I've read that the fore-and-aft sails allow a better angle of progress than the full-rigged sails do, but the full-rigged sails are better for speed and efficiency in favorable winds. It is easy for me to see that would be the case, unless the spars of full-riggers were able to rotate around the mast.

I also understand (I think) the concept of apparent wind. So one thing I am curious to know, is what angle different rigged ships could make, going into the wind.

For my example, let's suppose we have four vessels. A full-rigged ship, a barque, a barquentine, and a schooner. In this example, let's suppose that all four of them have essentially the same hull, and it is a medium size hull (maybe between 100 and 150 ft. long) and the four hulls are pretty much identical in length, beam, shape, proportions, weight, etc. All four vessels each have three masts, and are as identical as possible except for the rigging. They each have a fully competent crew and no extenuating cir***stances.

So. Let's suppose the wind is blowing steadily from due north at a moderate rate. 10 knots? And let's suppose that all four vessels are in the same place, and all are attempting to sail due north. No ocean current to consider.

At approximately what angle to the apparent wind can each of the four vessels tack? Does it make a difference the intensity or consistency of the wind? I am assuming that of the four, the schooner will be able to go closer to the wind than the rest.

If some of the vessels are not able to sail as close as 90 degrees to the wind, are they just out of luck until the wind changes? Do they follow the wind sideways (crosswise to their intended path) until they find favorable winds? Do they get blown backward, away from their intended course?

Yes, I am very new to all this. (Whaaa)


----------



## TOM ALEXANDER

Just a generality - yes your schooner would probably be able to sail closer to the wind than the others. The apparent wind has very little to do with sailing close to the wind as far as angle is concerned as it is a product of hull speed. (Given similar hulls there would probably be little difference.) Sail shape is the most important thing and square sails are difficult to present a straight luff when hauled.(Rotated to present a favourable angle to the wind.) As far as true wind is concerned a shooner would probably be able to sail at an angle of 45 degrees to the true wind, whereas the full rigged ship would at best sail about 68 degrees to the wind. The ship would be further hampered by the extra leeway she would make by presenting more hull area to the wind. The barque would be the next up the scale, and then the barquentine, which I would presume wold normally strike the square sails on the foremast and basically turn herself into a schooner. Regarding the leeway aspect though, the course made good would not be as high as the angles I have quoted. With some (a lot?) of vessels it is more productive to bear off a little to increase hull speed and make better progress to windward. Running before the wind a square rigger with stun'sls would do better.


----------



## Jim the Sawyer

Ok, that makes sense. So if the schooner could do 45 degrees, it might do better to make 50 degrees instead. The ship would have to do about 75 degrees, which means it would take a long time for it to make much progress.

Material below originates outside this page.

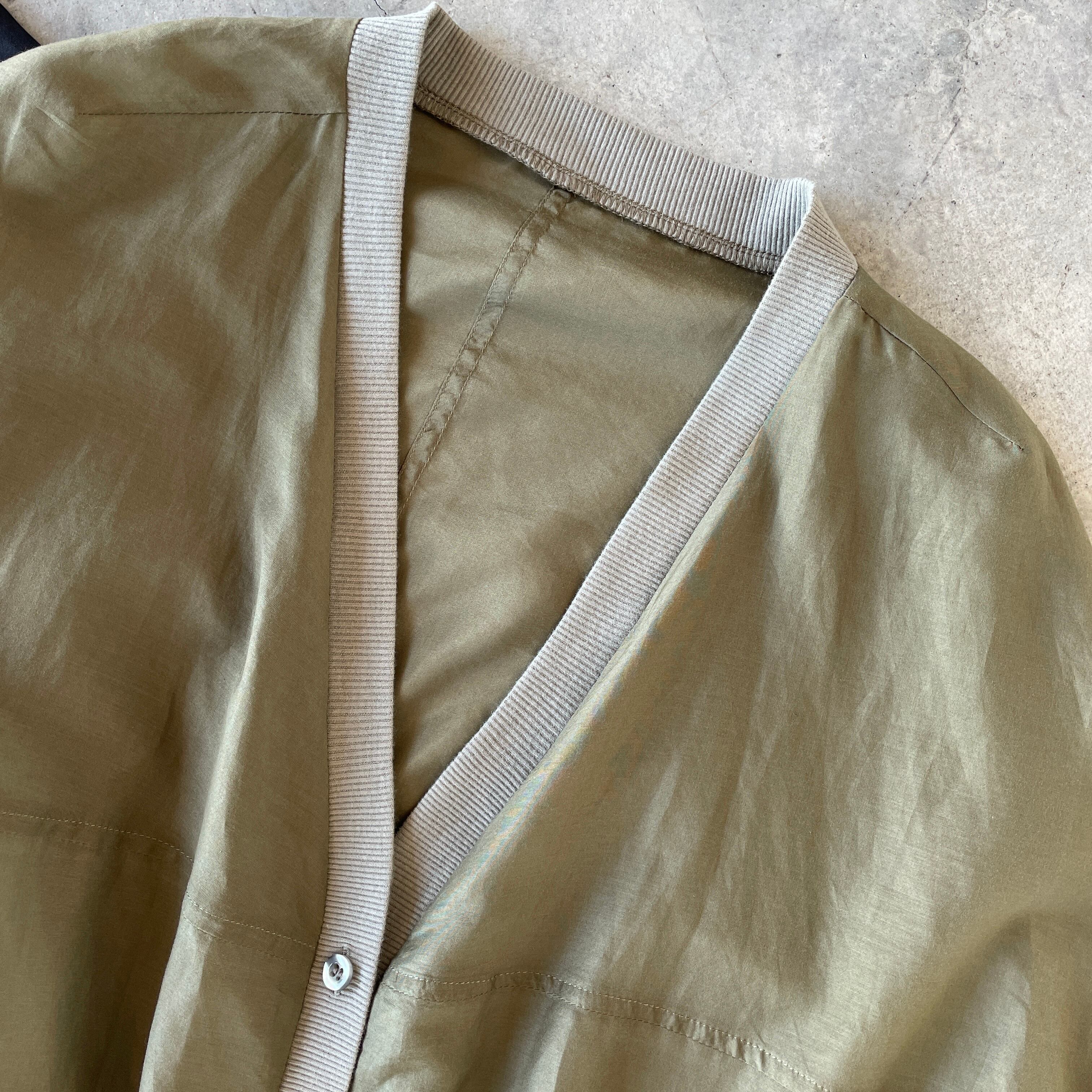 シアーな風合いが存在感を引き立てる♪ シアーVネック異素材コンビカーディガンです。

Then I am wondering about sail area and the types of sails needed. I guess that depends mainly on the intensity and direction of the wind. I see some pictures of craft underway with only small bits of sail set here and there, and some with about half of it set, and then of course you see full sail. The danger I guess is that if you have too much sail set in a strong wind, things start to break. (Cloud)


----------



## stan mayes

Hello Jim,
Many years since I served in sailing barges at age 15 - 1936 to June 1941 but I remember it as a hard life and I learned a lot..Three times wrecked on the East Coast..
With a fair wind it was easy but with an adverse wind and tacking we kept the bob (house flag at top of the topmast) in line with the headstick of the topsail.
As they were shallow draught and flat bottomed we used leeboards when tacking.
Regards,
Stan


----------



## Jim the Sawyer

Wow, Stan, my hat's off to you! Not too many of the professional rigging sailors left with us these days. I wish I could meet you and learn a lot of the things you remember.

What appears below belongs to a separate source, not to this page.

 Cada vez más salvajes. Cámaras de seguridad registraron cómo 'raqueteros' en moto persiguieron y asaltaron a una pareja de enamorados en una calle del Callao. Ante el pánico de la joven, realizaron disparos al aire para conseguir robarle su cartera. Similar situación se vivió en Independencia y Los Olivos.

I just don't think there is that level of seasoned veterans of the sail at work today-- oh there may be some, but now-adays, sail is no longer the regular way of life for commerce, that it once was. I guess most people who sail with the wind do it only because they want to, not because it's a normal career choice.


----------



## TOM ALEXANDER

Jim the Sawyer said:


> Ok, that makes sense. So if the schooner could do 45 degrees, it might do better to make 50 degrees instead. The ship would have to do about 75 degrees, which means it would take a long time for it to make much progress.
> 
> Then I am wondering about sail area and the types of sails needed. I guess that depends mainly on the intensity and direction of the wind. I see some pictures of craft underway with only small bits of sail set here and there, and some with about half of it set, and then of course you see full sail. The danger I guess is that if you have too much sail set in a strong wind, things start to break. (Cloud)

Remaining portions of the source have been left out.